Oz meltdown: Quiggin edition

Reading the latest delusionist nonsense at the Oz (from William Kininmonth) I was surprised, to put it mildly, to find myself quoted as an authority for the proposition that

mainstream science is on the verge of being overturned by the efforts of a group of dedicated amateurs

Readers may recall that what I actually wrote in the Fin last week was

While most media outlets give at least some space to these conspiracy theorists, the central role has been played by The Australian. Not only its opinion columnists (with a handful of honorable exceptions) and its editorials, but even its news reporting is dominated by the idea that mainstream science is on the verge of being overturned by the efforts of a group of dedicated amateurs, publishing their findings not in the peer-reviewed literature but through blogs, thinktanks and vanity presses

Interestingly, not even the keenest delusionists in the comments thread managed to construe this as a suggestion that amateur climate ‘science’ was actually a serious threat to the real thing. I’ll be interested to see how they manage to endorse or excuse Kininmonth here, and if any of them are actually willing to admit that one of their seemingly more reputable authorities (unlike the usual run of drama critics, dotty peers, retired mining executives and so on, Kininmonth has held an impressive range of positions and even, though mostly in the distant past, published some real peer-reviewed research ) has either been deliberately doctoring quotes or is incapable of basic comprehension.

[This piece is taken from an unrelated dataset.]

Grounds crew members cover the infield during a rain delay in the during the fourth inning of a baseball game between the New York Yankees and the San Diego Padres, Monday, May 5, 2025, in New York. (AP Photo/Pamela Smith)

In the spirit of sceptical inquiry, I’m not jumping to conclusions about the Oz itself on this one. Opinion editors rarely fact check their columnists, and on one memorable occasion back in the Tom Switzer era, reader Terje Peterson managed to elicit a correction from Janet Albrechtsen after a team effort here demonstrated that one of her columns was based on a misreading of statistics.

In the hope of a double, I’ve written to the Oz, asking for a correction in the following terms:

In “Cold facts dispel theories on warming” William Kininmonth attributed to John Quiggin the claim that “mainstream science is on the verge of being overturned by the efforts of a group of dedicated amateurs” . Quiggin does not hold this view, and the article in question referred to such claims, propagated by Kininmonth and others in the pages of The Australian, as displaying “a large dose of delusion.”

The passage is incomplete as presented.